There are two licences that OSI approved but FSF lists as non-free: NASA Open Source Agreement and the Reciprocal Public License. Both of these are “send-back-ware” where changes have to be sent back or made available to the upstream developer. Many debian developers agree such payments-in-kind are non-free (OSI’s OSDefinition is based on the Debian Free Software Guidelines), but I think an early OSI advisor thought they were a good idea, so those approvals look like an OSI bug to me.

It’s not obvious if there are licences that FSF approves but OSI rejects. OSI doesn’t seem to list licences to avoid.

Is it helpful to see the differences? Would a comparison with the debian archive be useful? Are there other curiousities captured in the differences? Are people interested in reconciling the differences?

Categories: ALUG

Three Releases: Debian, Co-op and Videos

MJ Ray - Tue, 2009-02-17 12:37

Three things I really like have released recently:-

  1. Debian GNU/Linux 5.0 (”Lenny”): I installed it on a laptop the weekend before going to a conference and I’m really impressed. It installed fairly neatly and was good-looking (gtk installer from USB stick, default desktop task, in case anyone cares).

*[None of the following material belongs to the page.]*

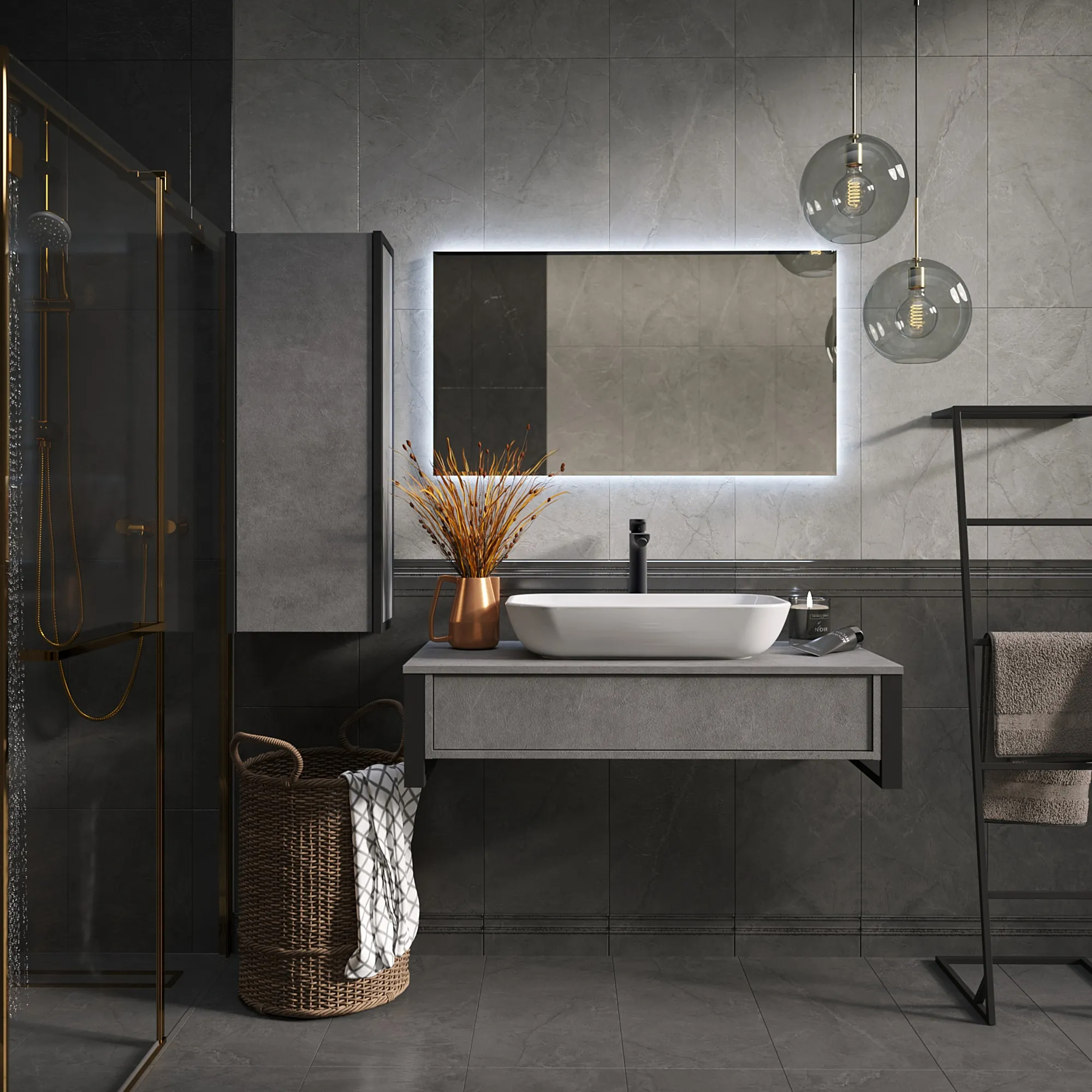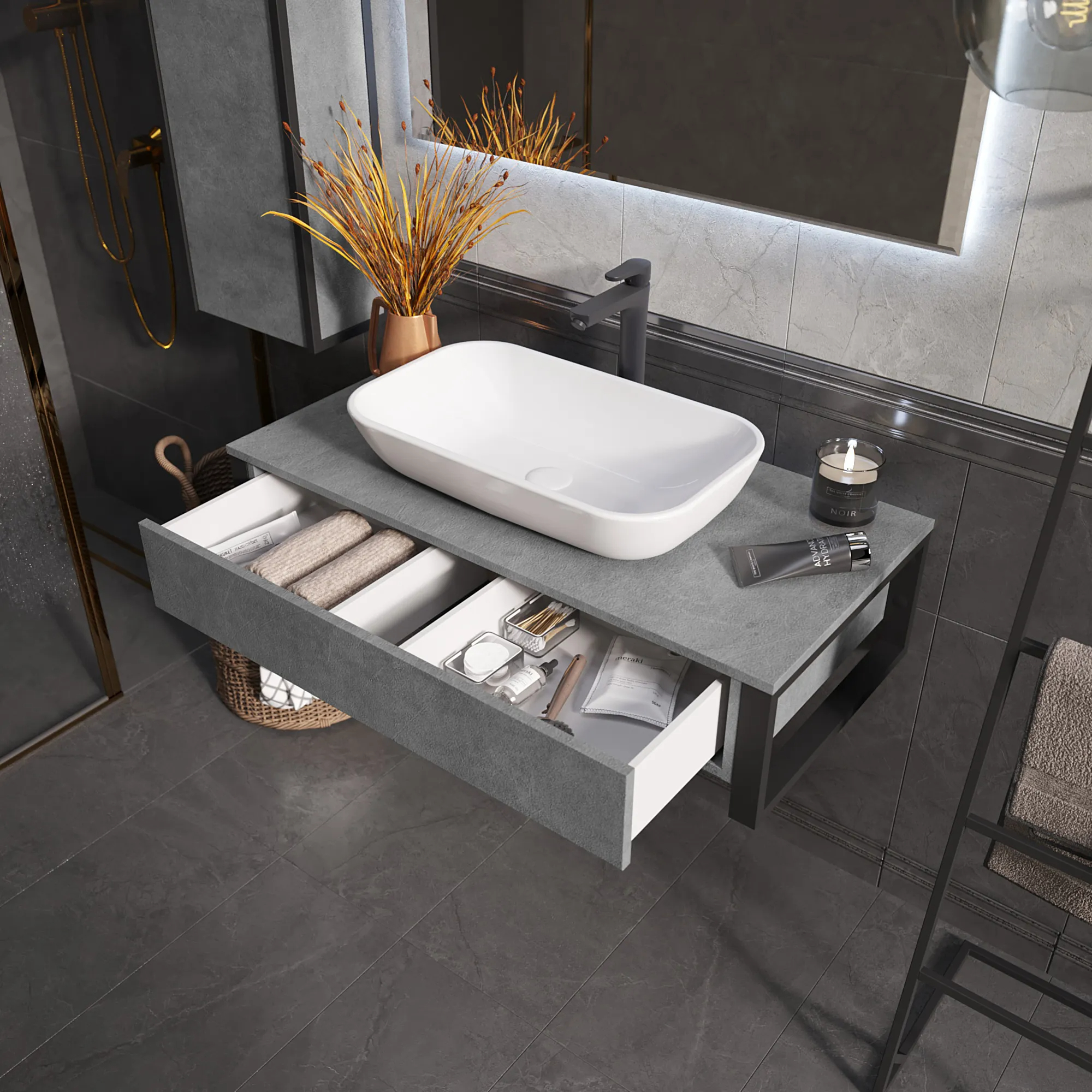 Подвесная тумба GRUNGE LOFT под накладную раковину в стиле лофт – стильное и практичное решение для современного интерьера. Игра текстур и оттенков бетона с металлическими деталями придает ванной особый характер, наполняя пространство неповторимой динамикой и энергией.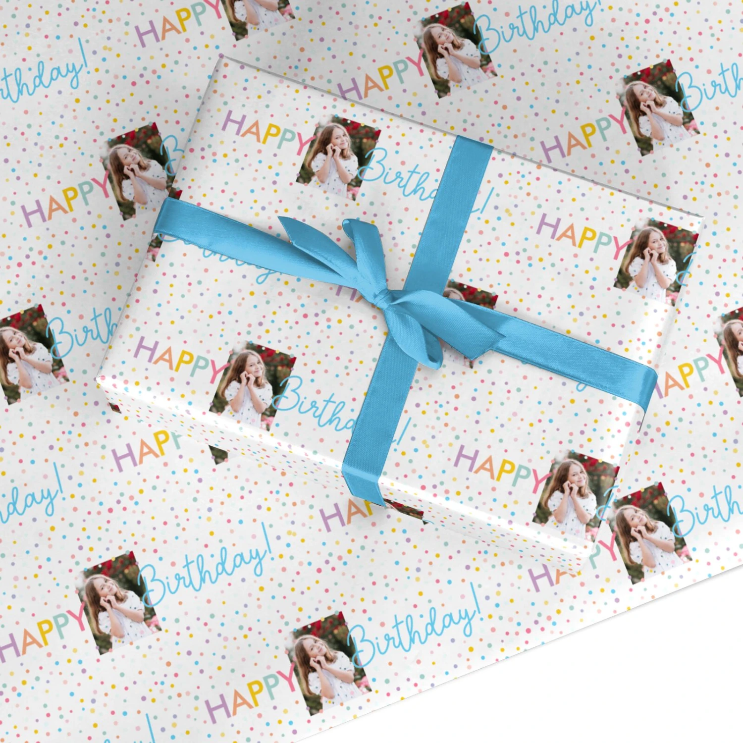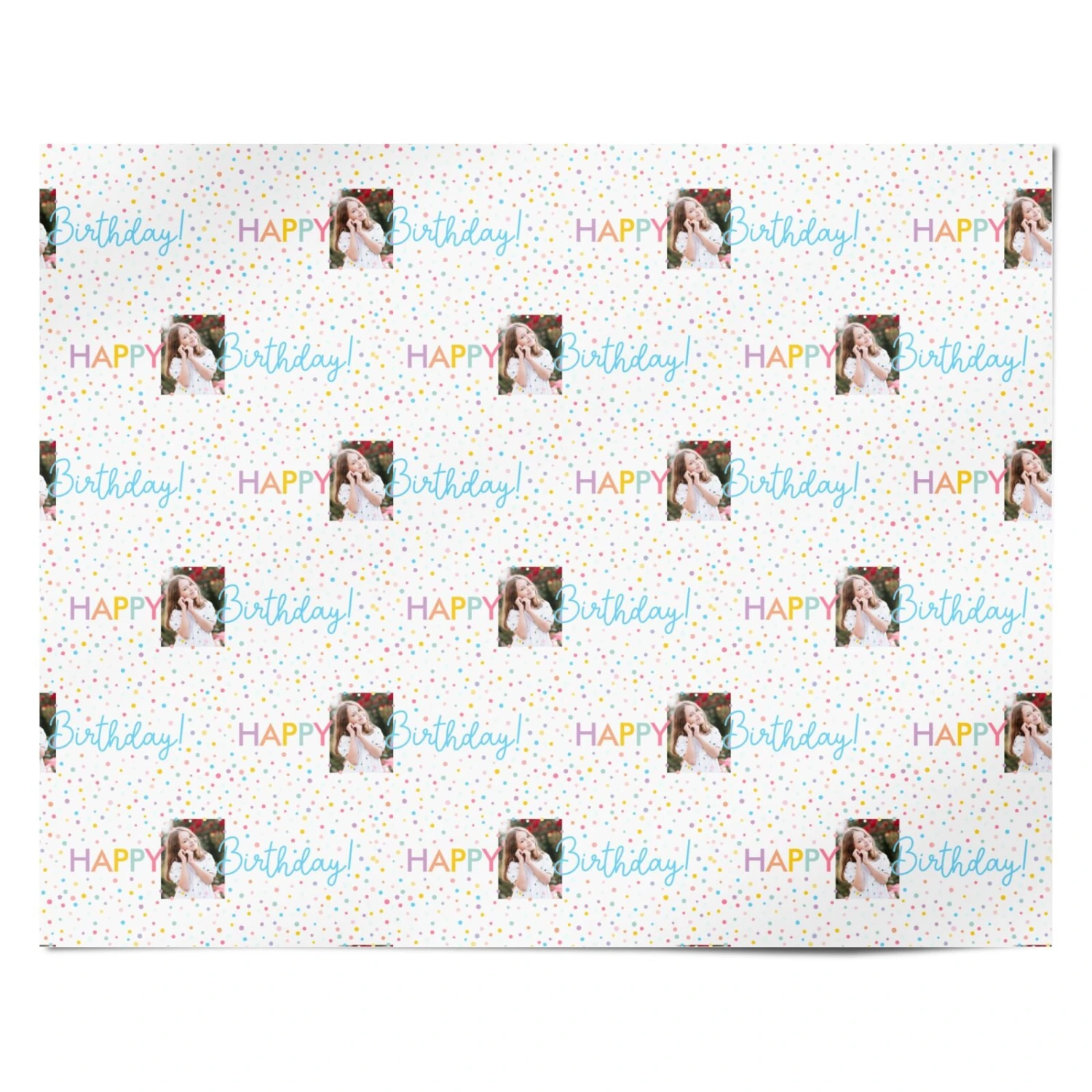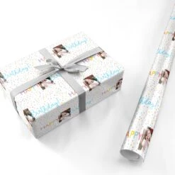 Our Happy Birthday Photo Personalised Wrapping Paper is a vibrant design, with modern colourful Happy Birthday text set on a confetti patterned background. Upload a photo of the birthday boy or girl to make it your own. This design is perfect for children and adults.

I found one or two small glitches while travelling, which I’ll reportbug soon, but they’re very minor. Well done to everyone involved in stabilising this release!
  2. The co-operative officially launched its new brand with a 2.5-minute whole-break advert using a Bob Dylan track, both of which are unusual. OK, so I feel it should have been available in a FOSS-friendly format and not done on the same day as announcing a sale of opticians or a big closure, but it’s still good to see the co-operative getting big TV exposure.
  3. Videos of Debian at FOSDEM and the Business of Open Source mini-conference at Linux.conf.au were released, which I’ll watch soon. The current trend of recording key conferences isn’t a substitute for being there in-person, but it’s still invaluable and I thank all those involved.